Transport in Plants


Xylem and phloem are the main vessels that transport substances around a plant.

Structure of Xylem & Phloem

"Understand the structure of xylem and phloem tissues in relation to their role in transport."
Xylem
  • Transports water and dissolved ions
  • Composed mainly of xylem vessels
  • These are long and elongated
  • The tubes are lignified increasing its strength
  • Have perforated ends
  • No cytoplasm or organelles to restrict the movement of water (mature xylem is dead)
The movement of water up the xylem results in tension.
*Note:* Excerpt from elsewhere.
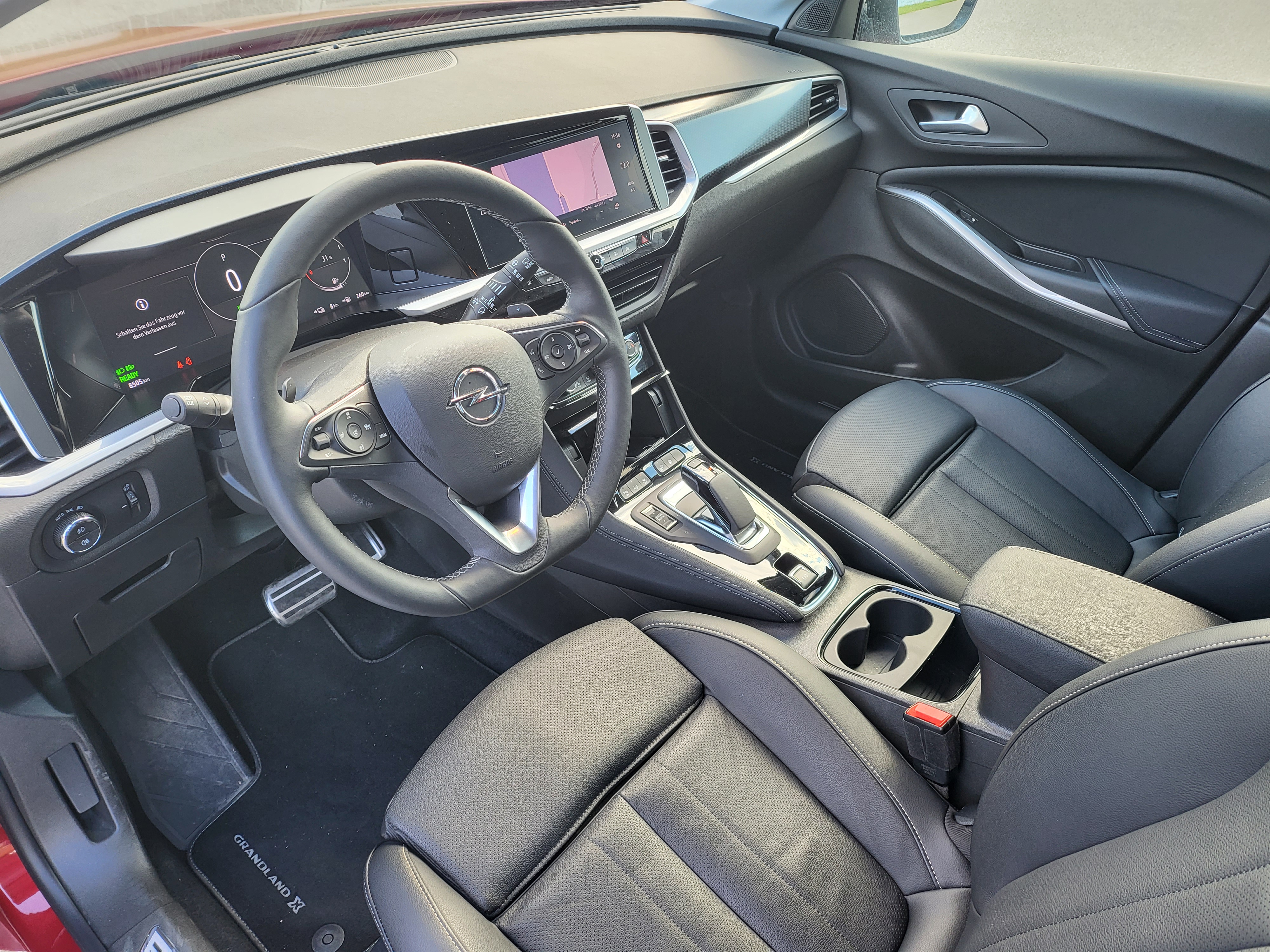 Der Opel Grandland sieht nach dem Facelift um einiges sportlicher aus, ist aber generell eher als Familienauto zu sehen. Diese Ansicht ändert sich bei der ersten Ausfahrt, denn das Zusammenspiel zwischen Benziner und E-Motor wirkt ziemlich flott. Immerhin macht der Grandland Plug-in-Hybrid mit Allradantrieb 300 PS Systemleistung locker! Irgendwie würde man das von diesem Auto nicht erwarten. Neben dem scharfen Plug-in mit Allrad gibt es noch einen Fronttriebler, der über immerhin 224 PS Systemleistung verfügt. In der flotten Testvariante ist ein 1,6-Liter-Turbobenziner verbaut, der von zwei E-Motoren zusätzlich befeuert wird. Vorne stehen 110 PS und auf die Hinterräder wirken 113 elektrische Pferde. Der Turbobenziner alleine leistet 200 PS. In 6,1 Sekunden ist der Hunderter erreicht. Das Fahrwerk geht als familienfreundlich bis komfortabel durch und lässt sich erst bei sehr hohen Kurvengeschwindigkeiten aus der Ruhe bringen. Man darf hier nicht vergessen, dass der Plug-in-Grandland fast 1.900 Kilogramm auf die Waage bringt. Verbaut ist ein doch schwere 13,2-kWh-Batterie. Eine Acht-Gang-Automatik schaltet zudem völlig unauffällig und schnell.
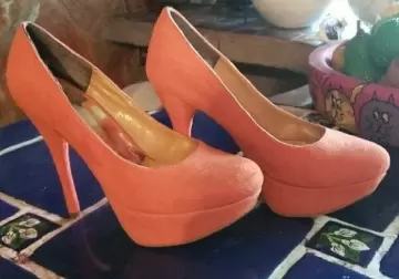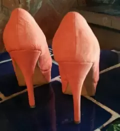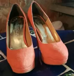 Hermosas zapatillas con plataforma de gamuza color naranja perfecto estado se usaron una ves #4 y medio tacon 13cm puede quedar también a #5

This is a negative pressure which serves to reduce the diameter of the plants stem.

Phloem
  • Transports mainly sugars
  • Made up of sieve tube elements and companion cells
  • Sieve tube elements lack cytoplasm and a nucleus, they do however have pores in their ends allowing for quicker transport
  • Companion cells support the sieve tube cells and are joined together by the plasmodesta
  • These companion cells have lots of mitochondria for active transport
  • Also have lots of infoldings to increase its surface area for exchange

Transport Pathways

"Understand how water can be moved through plant cells by the apoplastic and symplastic pathways."
  • Symplastic pathway - occurs when water moves through the cytoplasm of cells.
  • Apoplastic pathway - occurs when water moves through the cell wall.
Water can travel through the apoplastic pathway until it reaches the casparian strip which is impermeable to water.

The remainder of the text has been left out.